Beau «café-climat» l’autre semaine à Sion, animé par Isabelle Pannatier sous l’égide des Grands-parents pour le climat-Valais, avec Philippe Conus (psychiatre et chef du Service de psychiatrie générale du CHUV), Bertrand Kiefer (rédacteur en chef de la Revue médicale suisse) et François Pilet (longtemps médecin généraliste à Vouvry). Son thème: les effets du changement climatique sur notre santé physique et mentale.
J’aime ce genre de conversations croisées dont je retiens moins les détails que les nervures, pour envisager celles-ci comme les symptômes de processus ou de situations analogues en d’autres champs sociétaux.
En l’occurrence à Sion, il s’est d’abord agi de percevoir la parole des trois médecins esquissant l’inventaire des agressions environnementales dont notre planète fait l’objet, et les angoisses que cette circonstance induit chez nos congénères – notamment parmi les jeunes. D’où cette interrogation débattue par les intervenants: comment prendre soin de ces souffrants inédits ?
Sur ce point les approches oscillent entre deux modèles. Vous avez d’abord celles qui procèdent d’une vision «surplombante» largement fidèle aux paramètres conceptuels ayant façonné notre «vieux monde», au premier rang desquels rayonnent évidemment la Raison stricte et la preuve démontrable. Et là, en y songeant, vous sursautez tout à coup: quoi donc, la Raison stricte et la preuve démontrable?… Comme dans nos systèmes économiques et politiques, où l’on ne cesse aussi de prétendre à l’objectivation des faits comme à l’objectivité des décisions?
Eh bien oui. De quoi réfléchir encore un moment. Par exemple: y aurait-il de malicieux cousinages entre les références du corps médical classique et celles qui guident les industriels et les politiciens coupables de dévaster la planète? Le premier étant pourtant censé porter secours aux anxieux suscités par les seconds? Paradoxe, donc, et nouvelle étape du raisonnement: pourquoi nous sommes-nous enfermés dans un cercle pareil, nous les humains, jusqu’à l’absurde?

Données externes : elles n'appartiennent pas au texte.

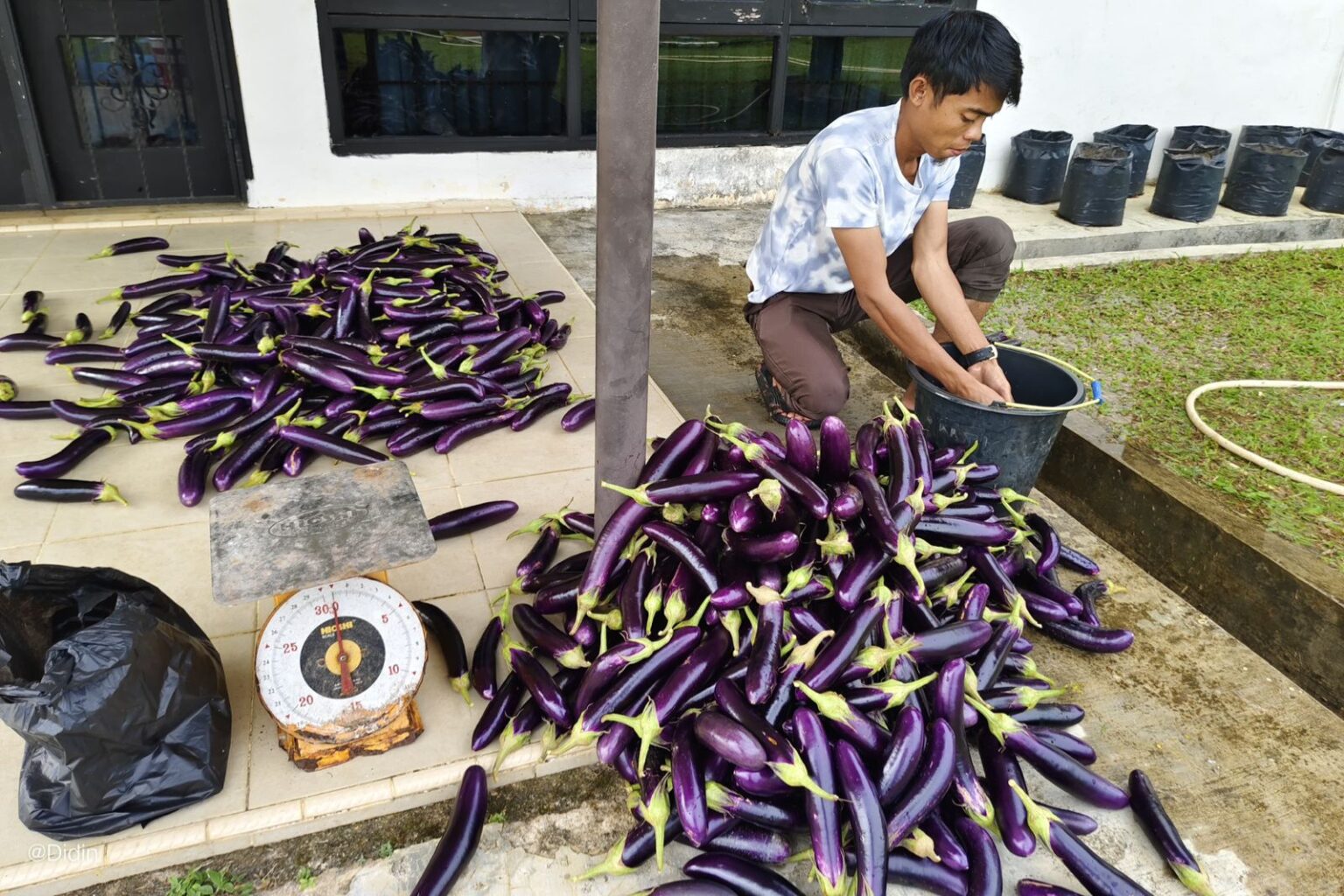 Panen terong ungu yang berhasil dipetik dari lahan pekarangan Gedung Daerah, Lingga. Hasil panen langsung disalurkan ke pasar Dabo untuk memenuhi kebutuhan pangan masyarakat.

La question vaut d’autant plus qu’on peut observer d’autres analogies entre ce champ de la médecine et celui des pouvoirs évoqués à l’instant, comme leur tendance coïncidente à chosifier l’individu. Voyez d’une part à l’avènement des Ressources humaines dans l’organigramme des entreprises industrielles et financières, voici trente ou quarante ans, de quoi gérer plus techniquement les travailleurs en tant que stock. Et voyez de l’autre, du côté médical, à quel point les patients ne sont plus perçus comme des êtres intégraux, mais comme des sommes d’organes à considérer comme tels. C’est-à-dire comme des pièces détachées. Dérive partagée.
Voilà pour l’approche médicale surplombante à laquelle s’oppose, depuis quelques années, une tout autre façon d’agir et de penser mise en œuvre par une minorité croissante de soignants: ceux-ci ne dominent plus, mais s’efforcent de rejoindre le niveau des vibrations les plus sensibles animant leurs patients tourmentés par les embardées climatiques. S’efforcent de se définir et de se situer, en présence de ces souffrants, sous le signe d’une même appartenance animale et solidaire au sein du Vivant global.

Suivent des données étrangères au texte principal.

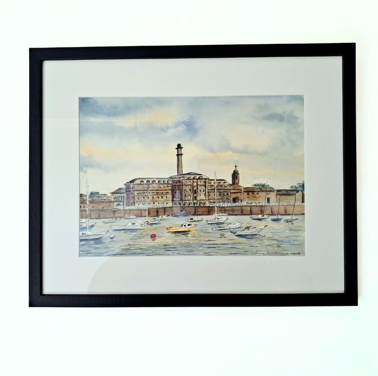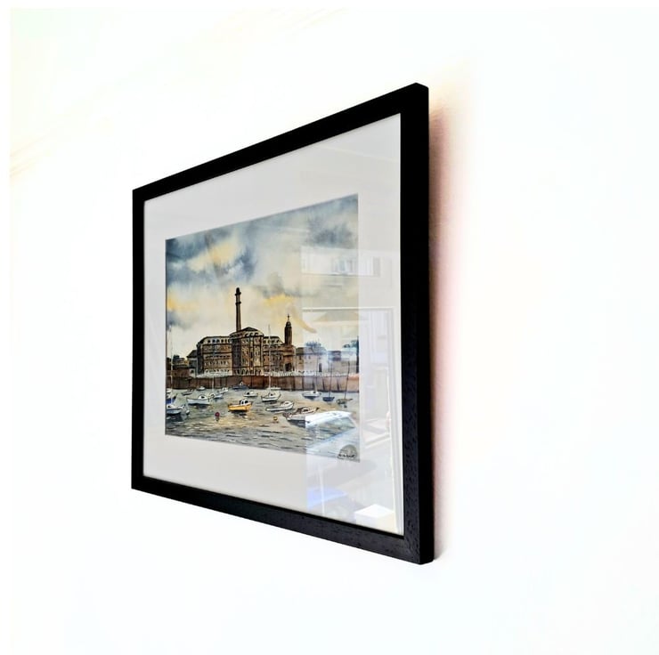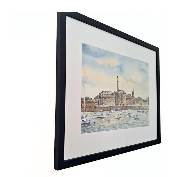 This is an original watercolour and ink painting of Plymouth's famous Royal William Yard, a former naval storage facility, now a vibrant waterfront tourist attraction. Inspired by my own photographs, viewed from the Cremyll ferry slipway. Professionally framed and ready to hang in a black wooden glazed frame.

Or cette ligne thérapeutique est délicate à tenir dans la mesure où elle procède d’une subversion intime. Quand on est un médecin formaté par des filières universitaires établies dans leur culture classique, le défi professionnel devient en effet celui qui s’impose à toute personne engagée dans une production intellectuelle ou matérielle en ce début de siècle et simultanément consciente des déséquilibres affectant la planète: il ne suffit pas de rompre avec une part de son microcosme qui poursuit ses fonctionnements coupables, mais encore avec soi.
Mais comment procéder? Comment quitter l’autorité confortable de la blouse blanche, et le signal des dominations sociétales qu’elle envoie, pour d’autant mieux entendre et comprendre vraiment la jeune femme ou le jeune homme assurés que les vers de terre ne sont pas des frères inférieurs, mais des compagnons cruciaux au sein du Vivant global?

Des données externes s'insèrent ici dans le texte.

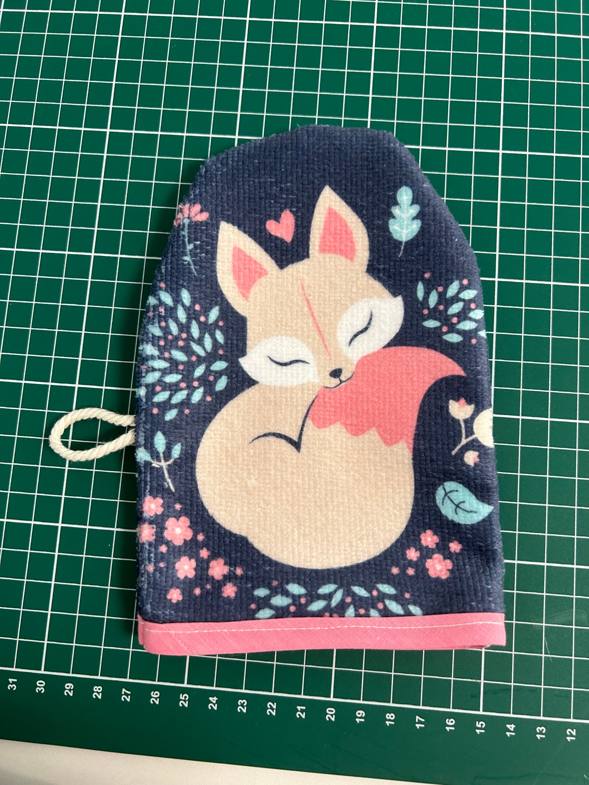 Gant de toilette renard rose et bleu

Tel est le grand basculement intérieur qui s’impose à nous tous, songeai-je quelques instants après avoir quitté le café-climat pour gagner le train me ramenant de Sion à Lausanne. C’est un peu plus tard que je suis tombé, en feuilletant un journal abandonné dans les parages, sur l’interview de je sais plus quel expert expliquant à quel point les économistes sous-estiment volontairement les effets du changement climatique en réduisant d’autant, chez les gouvernants, le sentiment d’une urgence. Autre thème. Vaillance. Le train fonçait dans la nuit.